Synopsis: Bourdain treks around Detroit, exploring what is left of a city that was once at the forefront of American innovation and industrial production. Bourdain explores the ruins of the Packard Automotive Plant, visits a fire hall where the firemen double as gourmet chefs, and eats homemade Salvadoran pupusas, all while contemplating the possibilities of the city’s future.
On Detroit’s past:
“It’s where nearly everything American and great came from. The things the whole world wanted were made here.”
On abandoned industry:
“It’s hard to look away from the ruin, to not find beauty in the decay. Yet unlike Angkor [Wat] and Leptis Magna, people still live here. We forget that.”
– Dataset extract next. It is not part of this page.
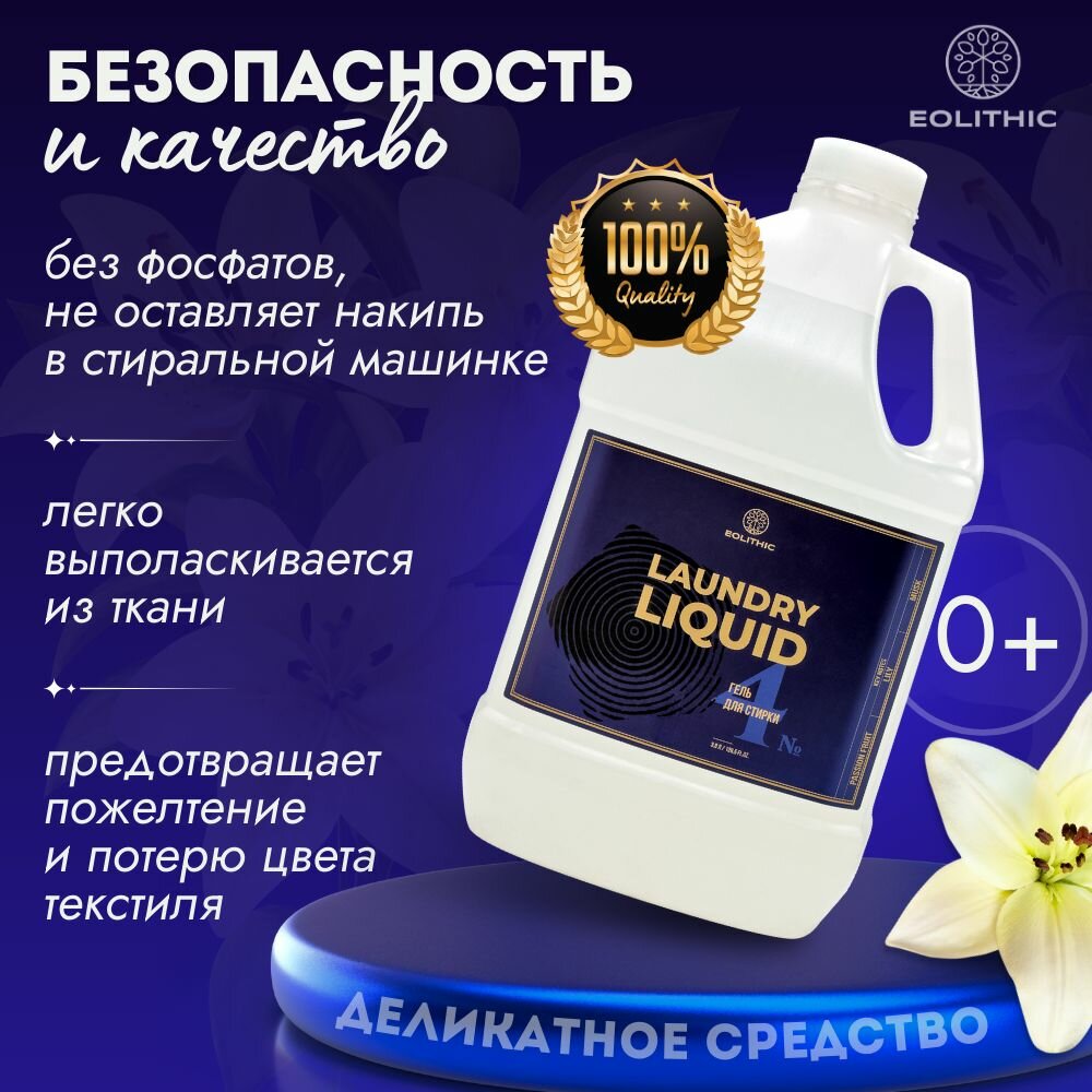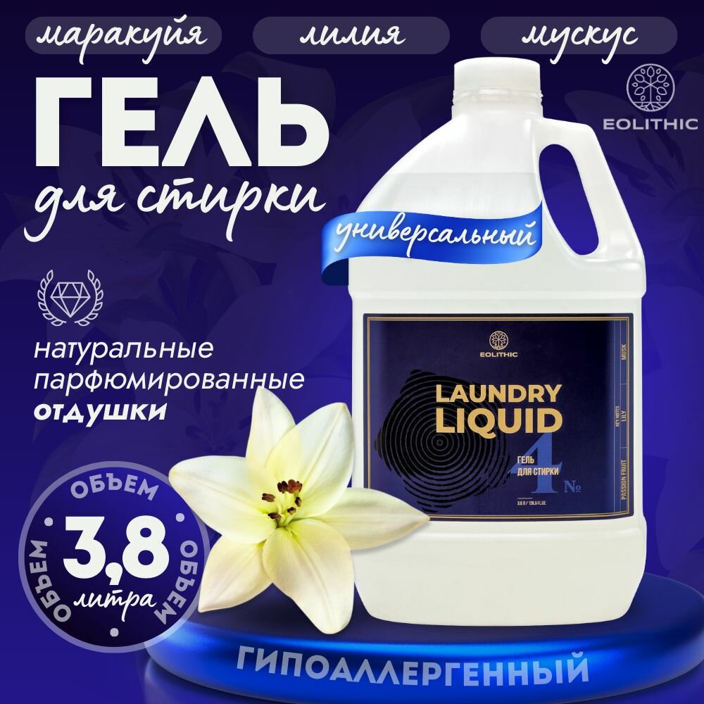 Гель для стирки белья универсальный EOLITHIC LAUNDRY LIQUID №4 Маракуйя / Лилия / Мускус 3,8л. информация:

On the resilience of native Detroiters:
“Detroit has a reputation as a tough town, but that toughness is about resilience, too—the insistence on sticking with it no matter what, on not giving up in the face of the utter failure of leadership year after year.”
Guests weigh in:
Bourdain: “You have, like, a really weird attitude towards food in general.”
Charlie LeDuff (journalist): “Yeah.”
Craig Lieckfelt (chef): “What’s that?”
LeDuff: “You know, you got liquor, you got cigarettes, you got coffee.”
Bourdain: “Why did you never run for office?”
Adolph Mongo (political strategist): “You got to be crazy. You know what? They don’t want straightforward politicians. They don’t last. You got to be real cold-blooded. Being an elected official is like working for the drug cartel. You can’t give anybody any mercy.”